━━━ Data records ━━━

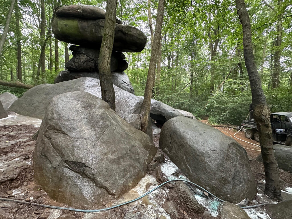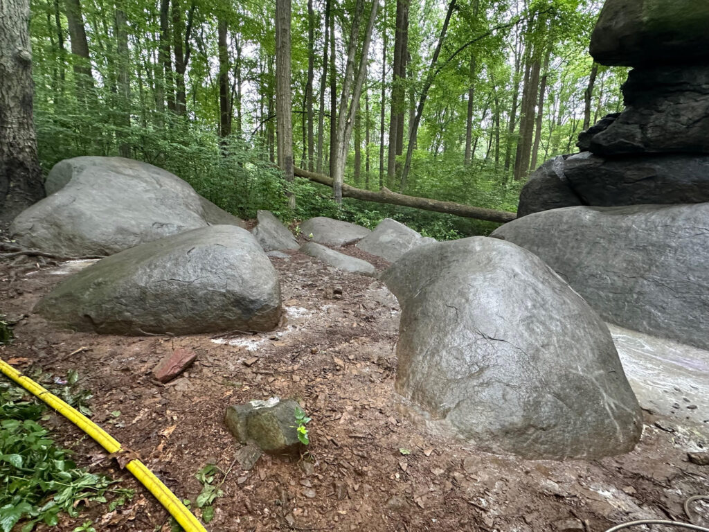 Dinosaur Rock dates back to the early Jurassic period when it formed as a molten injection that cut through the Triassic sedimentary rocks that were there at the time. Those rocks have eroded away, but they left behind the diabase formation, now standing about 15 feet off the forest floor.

━━━
━━━ Data records ━━━

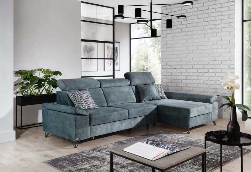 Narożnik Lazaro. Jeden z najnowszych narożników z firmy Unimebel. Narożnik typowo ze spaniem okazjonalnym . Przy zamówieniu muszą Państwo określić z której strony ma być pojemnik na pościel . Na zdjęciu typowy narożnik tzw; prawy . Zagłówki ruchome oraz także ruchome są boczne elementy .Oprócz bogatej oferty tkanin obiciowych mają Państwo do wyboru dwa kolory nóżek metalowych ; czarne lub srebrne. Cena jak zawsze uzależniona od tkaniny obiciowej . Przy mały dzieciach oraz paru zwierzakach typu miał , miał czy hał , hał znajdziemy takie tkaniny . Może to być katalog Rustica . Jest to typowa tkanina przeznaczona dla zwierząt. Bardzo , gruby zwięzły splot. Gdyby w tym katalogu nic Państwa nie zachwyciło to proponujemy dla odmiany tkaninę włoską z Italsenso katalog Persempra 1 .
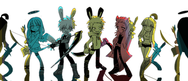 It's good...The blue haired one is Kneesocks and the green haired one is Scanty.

━━━
━━━ Data records ━━━

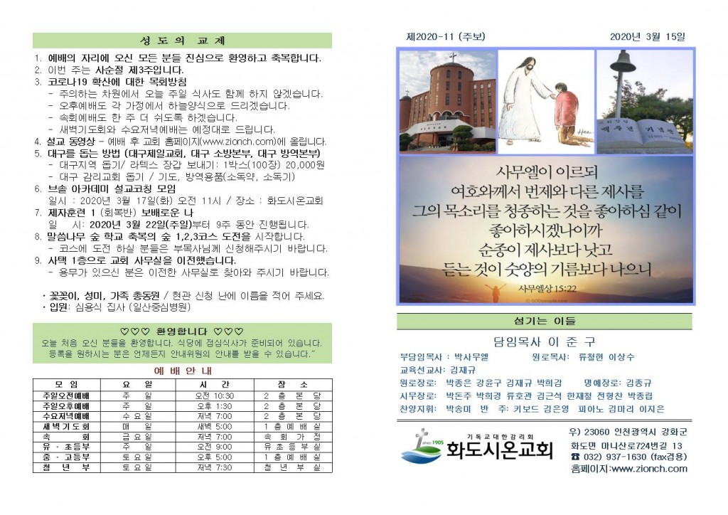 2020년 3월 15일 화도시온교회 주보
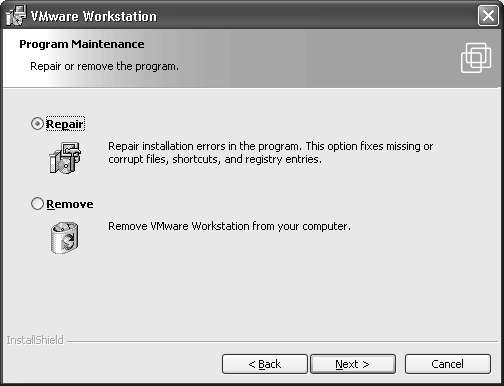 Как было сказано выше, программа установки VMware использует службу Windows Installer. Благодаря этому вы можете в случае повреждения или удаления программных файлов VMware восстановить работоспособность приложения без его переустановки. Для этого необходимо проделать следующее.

━━━

§ Problem to solve:
Using the listing above, restate exactly the range between the lines holding "2020년 3월 15일 화도시온교회 주보" and "Как было сказано", inclusive, with pictures left out.

§ Solution for this problem:
 2020년 3월 15일 화도시온교회 주보
 Как было сказано выше, программа установки VMware использует службу Windows Installer. Благодаря этому вы можете в случае повреждения или удаления программных файлов VMware восстановить работоспособность приложения без его переустановки. Для этого необходимо проделать следующее.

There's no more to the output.